Senior Credit Facility. The amount the Company can borrow under its senior credit facility is limited to a borrowing base. The senior credit facility is available to be drawn on subject to limitations based on its terms and certain financial covenants, as described below. In April 2010, the Company’s senior credit facility was amended and restated, affirming the borrowing base at $850.0 million and extending the maturity date to April 15, 2014. Under the terms of the amended and restated facility, (a) the ratio of EBITDAX to interest expense plus current maturities of long-term debt has been eliminated and (b) the Company’s ability to make investments has been increased from the previous terms. In October 2010, the senior credit facility was further amended and effective with this amendment, the ratio of the secured indebtedness of the parties to the senior credit facility to EBITDAX may not exceed 2.0:1.0 at quarter end.
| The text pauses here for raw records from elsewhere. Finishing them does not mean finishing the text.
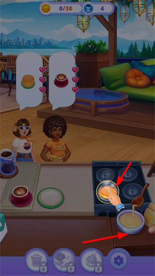 1、先看到餐廳場景,界面上方顯示進度和人數,點擊灶臺旁的食材,可開始制作對應的餐食,滿足客人需求。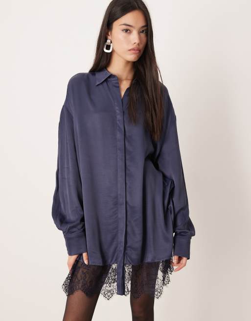 ASOS DESIGN satin shirt mini dress with high low curved hem in deep navy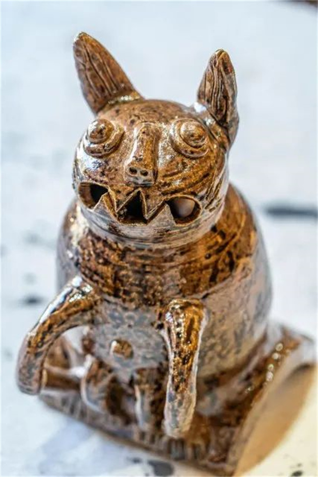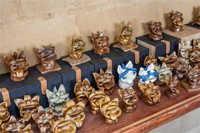 一套套流光溢彩的茶具,一排排憨態(tài)可掬的瓦貓,一個(gè)個(gè)造型獨(dú)特的獨(dú)角獸,在陽光下看去,顏色如漸變一般深淺不一,散發(fā)出金屬般的光澤,喜歡就去鳳儀鎮(zhèn)敬天村收藏一只吧!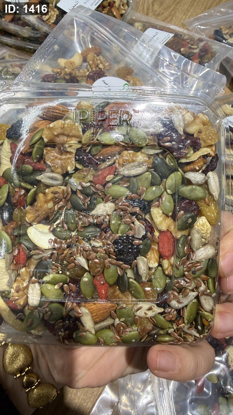 🥜 لوز، جوز، بندق، كاجو، بذور دوار الشمس، وشوية زبيب... كل مكوّن مدروس ليعطيك دفعة نشاط وطاقة وذكاء ويحسّن المزاج ✨ بدون إضافات، بدون تحميص... بس نية وطبيعية 100٪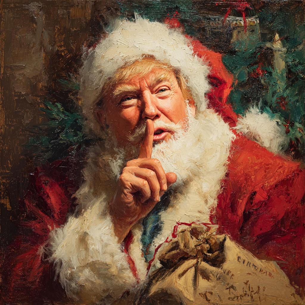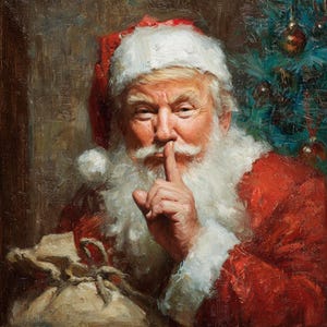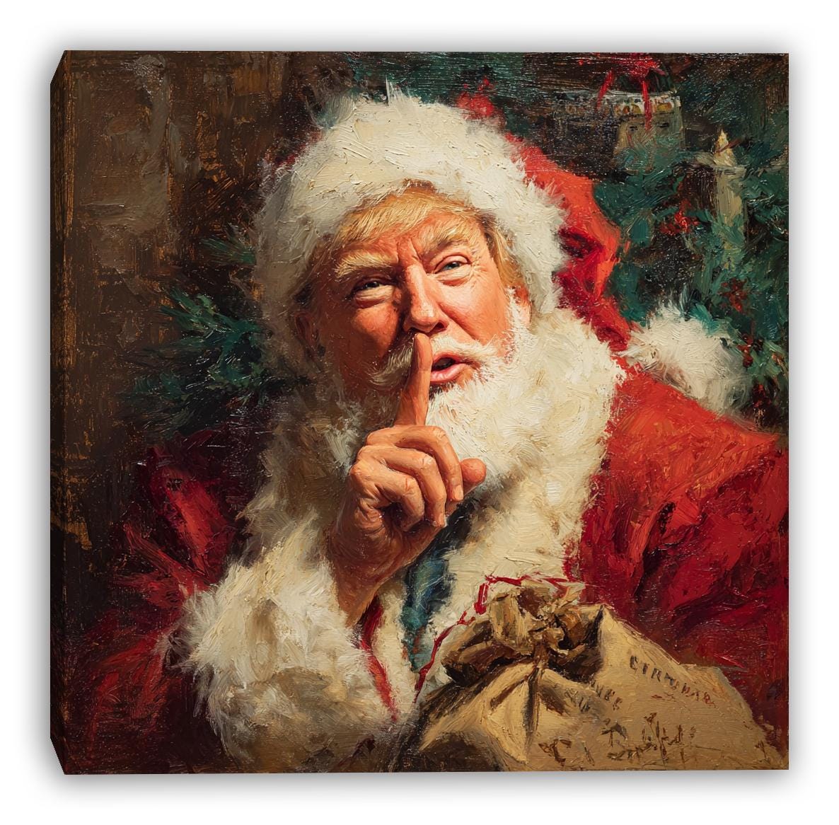 Bring festive charm to your holiday décor with this Secret Santa Whisper wrapped canvas wall art. Featuring Santa in a playful hush gesture beside a warmly decorated Christmas tree, this artwork blends rich painterly texture with vibrant seasonal color. Printed on demand in a USA studio using high-quality materials, each canvas arrives ready to hang and adds nostalgic holiday magic to any room.

The remaining covenants were largely unchanged from the agreement in effect prior to April 2010 and are described further below.
The senior credit facility contains various covenants that limit the ability of the Company and certain of its subsidiaries to grant certain liens; make certain loans and investments; make distributions; redeem stock; redeem or prepay debt; merge or consolidate with or into a third party; or engage in certain asset dispositions, including a sale of all or substantially all of the Company’s assets. Additionally, the senior credit facility limits the ability of the Company and certain of its subsidiaries to incur additional indebtedness with certain exceptions, including under the series of senior notes discussed below.
As of September 30, 2010, the senior credit facility contained financial covenants, including maintaining agreed levels for the (i) ratio of total funded debt to EBITDAX, which may not exceed 4.5:1.0 at each quarter end calculated using the last four completed fiscal quarters (adjusted for annualized amounts of the post-acquisition results of operations of newly acquired properties/entities) and (ii) ratio of current assets to current liabilities, which must be at least 1.0:1.0 at quarter end. In the current ratio calculation (as defined in the senior credit facility), any amounts available to be drawn under the senior credit facility are included in current assets, and unrealized assets and liabilities resulting from mark-to-market adjustments on the Company’s derivative contracts are disregarded. As of and for the three and nine-month periods ended September 30, 2010, the Company was in compliance with all of the financial covenants under the senior credit facility.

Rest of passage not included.